2. HIT THE NAIL ON THE HEAD: To do exactly the right thing; to do something in the most effective and efficient way.

  • You hit the nail on the head when you speak about corruption.
  • The teacher hit the nail on the head when he said that you don’t need to worry about making mistakes when you speak English.
  • We thought that we hit the nail on the head when we told him that he spoke too much.
  • Well done Aakash, you have hit the nail on the head.

3. YOU CAN’T JUDGE A BOOK BY ITS COVER: It means that you can’t judge the quality or character of someone or something just by the outer appearance.

  • He looks dumb but he is very intelligent. You can’t judge a book by its cover.
  • Even though the situation looks bad on the surface but u can’t judge a book by it’s cover.
  • Even though he lives a simple life, he is actually the richest man in town, you can’t judge a book by its cover.
  • That professor may seems slow and awkward, but you can’t judge a book by it’s cover. He is one of the brightest minds in his field.
  • You should not trust a stranger by the clothes he wears. You can’t judge a book by it cover.

4. BITE OFF MORE THAN YOU CAN CHEW: To try to do more than you can do.
By starting another company he bit off more than he can chew.
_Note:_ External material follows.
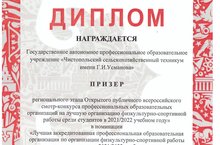 Техникум стал призером регионального этапа Открытого публичного всероссийского смотр-конкурса профессиональных образовательных организаций на лучшую организацию физкультурно-спортивной работы среди студентов в 2021/2022 учебном году. Поздравляем!

  • I thought I could finish this report by Monday.
  • I bit off more than I could chew.
  • I started working on the hard problems first and quickly realised I was biting off more than I could chew.
  • You should carefully estimate the cost of the project first. Don’t bite off more than you can chew.
  • If you want to succeed in life you should not bite off more than you can chew.

5. LET THE CAT OUT OF THE BAG: To reveal a secret or surprise by accident.

  • Mr. Snowden let the cat out of the bag when he made the secret military documents public.
  • She let the cat out of the bag occidentally when she mentioned him in front of the guests.
  • It’s a secret. Try not to let the cat out of the bag.
  • When he glanced at the door, he let the cat out of the bag. We knew then that he was expecting someone to arrive.

Tom let the cat out of the bag when he mentioned the name of the movie.
           
6. SCRATCH SOMEONE’S BACK: To do someone a favour in return of a favour.

  • We both are in trouble and we should help each other. So, you scratch my back and i’ll scratch yours.
  • We suspect that he has been scratching his boss’s back.
  • When the time comes I will be ready to scratch your back.
  • There is no need for you to scratch my back.
  • You do my homework and i’ll do your chores. You scratch my back and i’ll scratch yours.

7. ACCIDENTALLY ON PURPOSE: If you do something intentionally but pretend it was an accident. You do it accidentally on purpose.

  • I accidentally on purpose deleted his phone number, so I couldn’t contact him again.
  • I didn’t like his glasses so I dropped them accidentally on purpose.
  • She accidentally on purpose forgot to bring his address with her, so that we are not able to visit him.
  • She missed the meeting accidentally on purpose.
  • I missed the school bus accidentally on purpose to escape the exam.

8. ADD FUEL TO THE FLAMES: If you add fuel to the flames, you do or say something that makes a difficult situation even worse.

  • He forgot her wedding invitation and his apologies only added fuel to the flames.
  • Shouting at a crying child just adds fuel to the flames.
  • His being polite only added fuel to the flames. Geeta was furious.
  • Public is already angry with inflation, another increase in the oil prices will be adding fuel to the flames.
  • If Raj is angry don’t say anything, you will be just adding fuel to the flames.

9. I AM ALL EARS: To say that you are all ears means that you are listening very attentively.
Of course, I want to know. I am all ears.

  • I am all ears, waiting to hear your latest excuse for not doing your homework.
  • I am all ears, tell me why you could not finish the job on time.
  • I am all ears, tell me what they had to say.
  • I’ve said what I had to say. Now, I am all ears.

10. ANSWER CALL OF NATURE OR NATURE’S CALL: When a person answers the call of nature or nature’s call means that they go to the toilet.

  • I had to get up in the middle of the night to answer nature’s call.
  • She had to go into the woods to answer the call of nature.
  • Could we stop somewhere. I need to answer the call of nature.
  • Does anyone need to answer the call of nature before we set off.
  • He dropped his trousers, sat down and began answering the call of nature.